Le gouvernement français est à l’étude d’un projet de loi, à juste titre, pour empêcher des français de rejoindre des réseaux djihadistes en Syrie et en Irak. La justification de cette loi est d’empêcher des français de commettre des crimes de guerre sur la base de motivations religieuses. Il est intéressant de voir que les jeunes juifs français volontaires pour rejoindre Tsahal se fait exactement sur les mêmes bases religieuses. La justice française n’empêche pas ces jeunes gens de rejoindre l’armée israélienne. Pourtant, cette politique à géométrie variable peut avoir des retombés négatifs sur l’image de la France. Qu’adviendra-t-il si l’ONU arrive à la très probable conclusion de crime de guerre, auquel des Français ont participés ? Quelle sera l’image de la France si la Palestine adhère à la cour pénale internationale, et que des Français sont sur le banc des accusés ?
Nous assistons à un revirement de la diplomatie française sur fond de projection de la crispation identitaire que connait le pays aujourd’hui. La nouvelle génération politique prend position pour Israël parce qu’elle s’associe d’avantage aux Israéliens de culture occidentale, tandis que les Palestiniens sont réduits aux islamistes du Hamas. C’est depuis cette logique que les nouveaux dirigeants français basent leurs décisions politiques, que les hauts fonctionnaires du Quai d’Orsay, au fait de l’histoire et de la complexité de la région, ont souvent du mal à comprendre. Ce revirement de la position française se fait également sentir à l’intérieur du Pays avec deux manifestations pro-palestinienne interdites par le ministre de l’intérieur. La France est ainsi le seul pays au monde à avoir interdit les manifestations de soutien à la Palestine.
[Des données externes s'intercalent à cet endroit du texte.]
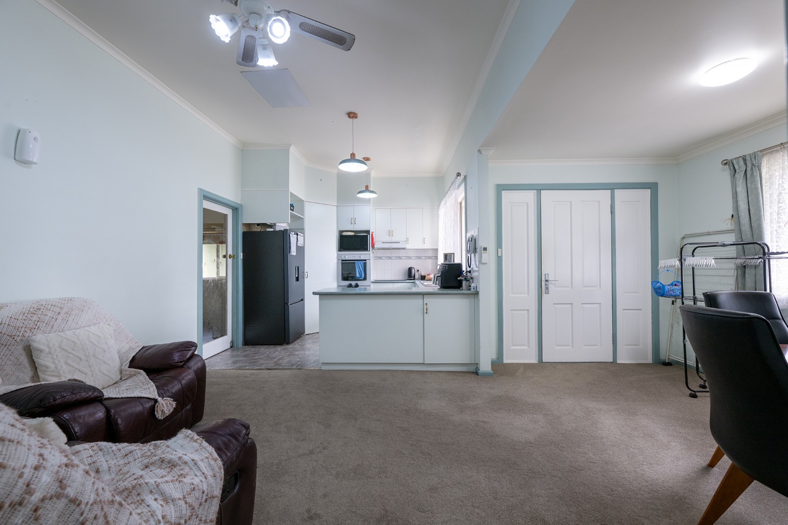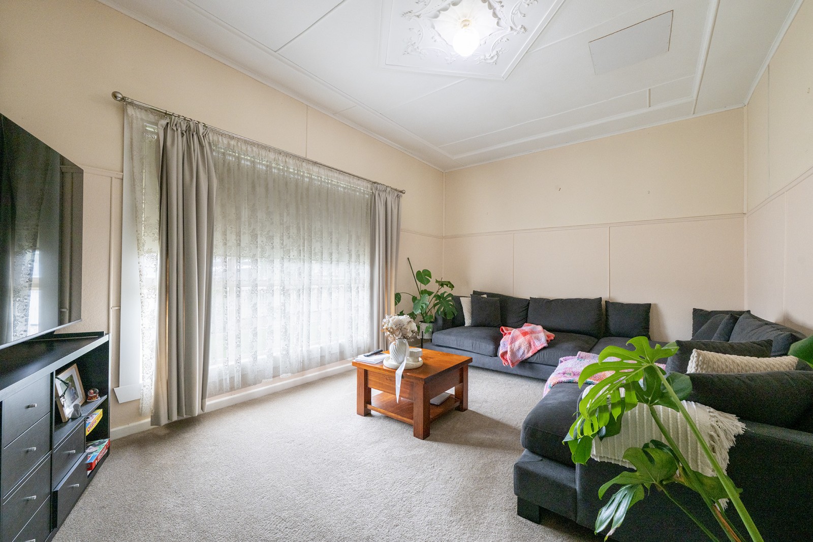 This beautifully presented property has been exceptionally well maintained throughout. Thoughtfully updated and designed for comfortable modern living, it provides a wonderful balance of space, functionality, and charm. At the heart of the home is a contemporary open-plan kitchen, fitted with electric appliances, including a dishwasher, and complemented by a walk-in pantry. This space flows seamlessly into the light-filled dining and living area, which is equipped with split system heating and cooling to ensure year-round comfort. A separate formal lounge offers an additional living zone, showcasing an ornate ceiling and a feature fireplace that adds character and warmth. This room is also serviced by its own split system, making it an inviting retreat for relaxation or entertaining. All three bedrooms are generously proportioned. The master suite is particularly impressive, featuring a large walk-in robe and convenient access to the main bathroom, as well as a spacious walk-through linen closet. The second bedroom includes built-in robes and a ceiling fan, while the third bedroom is equally well-sized and versatile. The home is serviced by a second bathroom, complete with a separate shower and toilet, enhancing practicality for families or guests. The laundry is notably spacious, offering extensive built-in storage.

La raison officielle de l’interdiction de cette manifestation est les risques de trouble à l’ordre public, et les débordements d’actes antisémites.
La condamnation de la politique israélienne n’est en rien un acte raciste envers une religion. Il y a en France une confusion des genres que beaucoup d’intellectuels aiment entretenir. La question israélienne n’est pas la question israélite.
La distinction est en réalité simple à faire, elle se résume par une seule phrase du général de Gaulle.
En 1967, suite à une violente condamnation du président de Gaulle de la politique israélienne, le grand rabbin de France demanda à être reçu à l’Élysée, ce que le locataire des lieux accepta. Avant même que l’entretien ne commence, de Gaulle dit au rabbin, « si vous voulez me parler des Juifs de France je vous écoute, si vous voulez me parlez d’Israël j’ai un ministre des affaires étrangères pour cela ».
Par Anas Abdoun (Étudiant en Sciences politiques à l’Université de Montréal, candidat à une Maîtrise en Relations Internationales) pour Maghreb Canada Express, N°08, Volume Xii, Août 2014.